RefSeq vs. GenBank

I’ve noticed occasional posts on the Bioperl lists regarding RefSeq, but have never paid much attention.  After all, RefSeq genbank (the file) is the same as GenBank genbank (the file), right?

As ever, the answer is “sort of but not quite”.  Here’s how a standard GenBank entry such as AY627381 might list the genes in an rRNA operon:

source
rRNA
misc_RNA
tRNA
rRNA

In this case, we’re looking at primary tags for the whole sequence, 16S, 16S-23S ITS, a tRNA and the 23S.

Now, here’s an example of a similar region from a ‘newer style’ RefSeq record in genbank format, typically a genome record such as NC_000909:

gene
rRNA
gene
tRNA
gene
tRNA
gene
rRNA

Here we have 23S, 2 tRNA genes and a 16S.  Spot the difference?  All genes now have 2 primary tags – gene/tRNA or gene/rRNA (and also gene/CDS for proteins).
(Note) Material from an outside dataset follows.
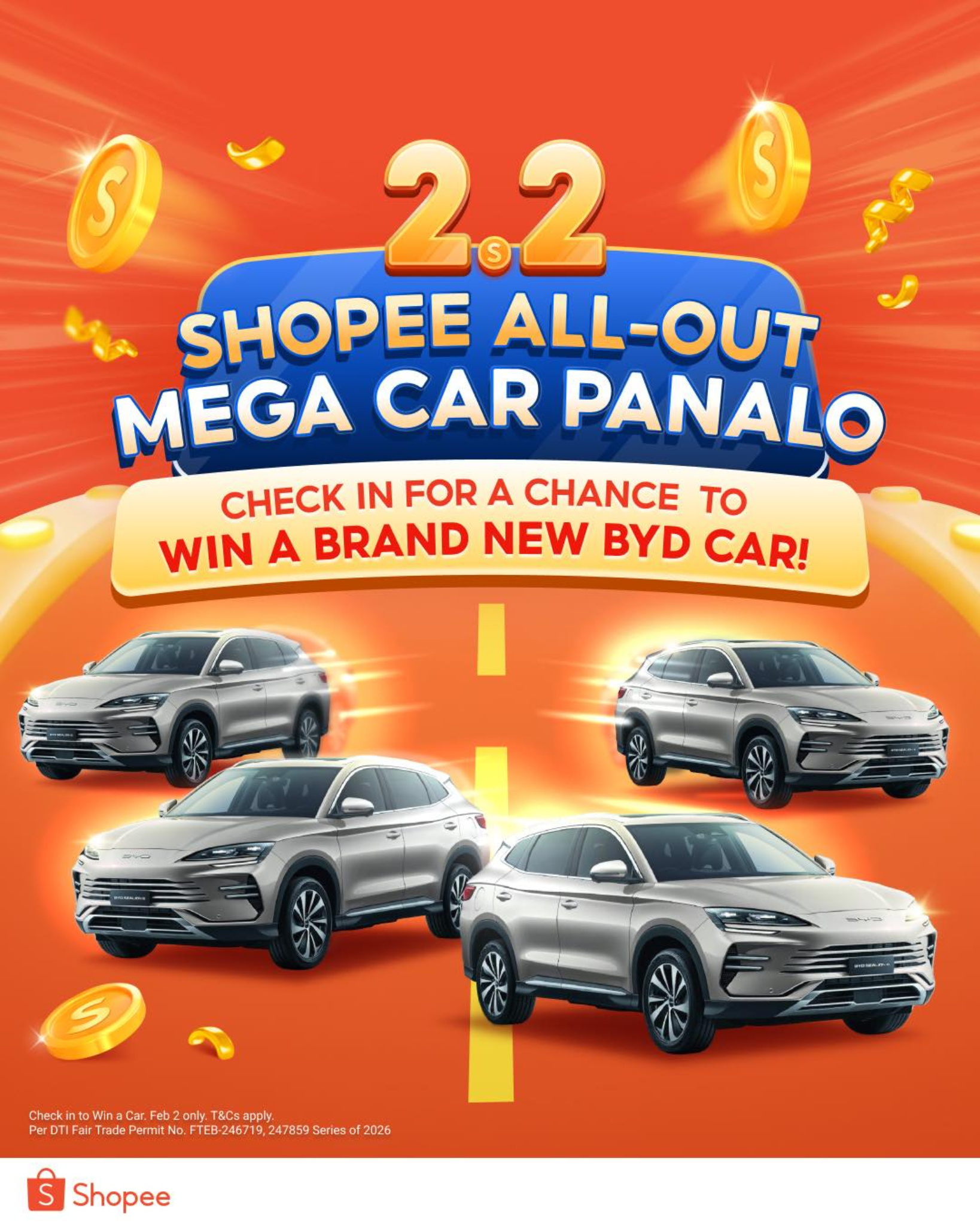 Beyond flash sales and vouchers, you could win a brand-new BYD car when you shop on Shopee. On 2.2, make sure to visit the Reward Coins page to secure your raffle entry. The grand draw takes place on Feb. 3.

What this means is – if I am reading a file and looking for features based on primary tag and separated by N genes, I need to use N genes for old-style genbank and N*2 genes for new-style RefSeq.  If I don’t know in advance what type I’m dealing with (because I just grabbed a load of records) or even how consistent this is within a type, I have problems.

Just another example of the daily problems caused by inconsistent primary data formats.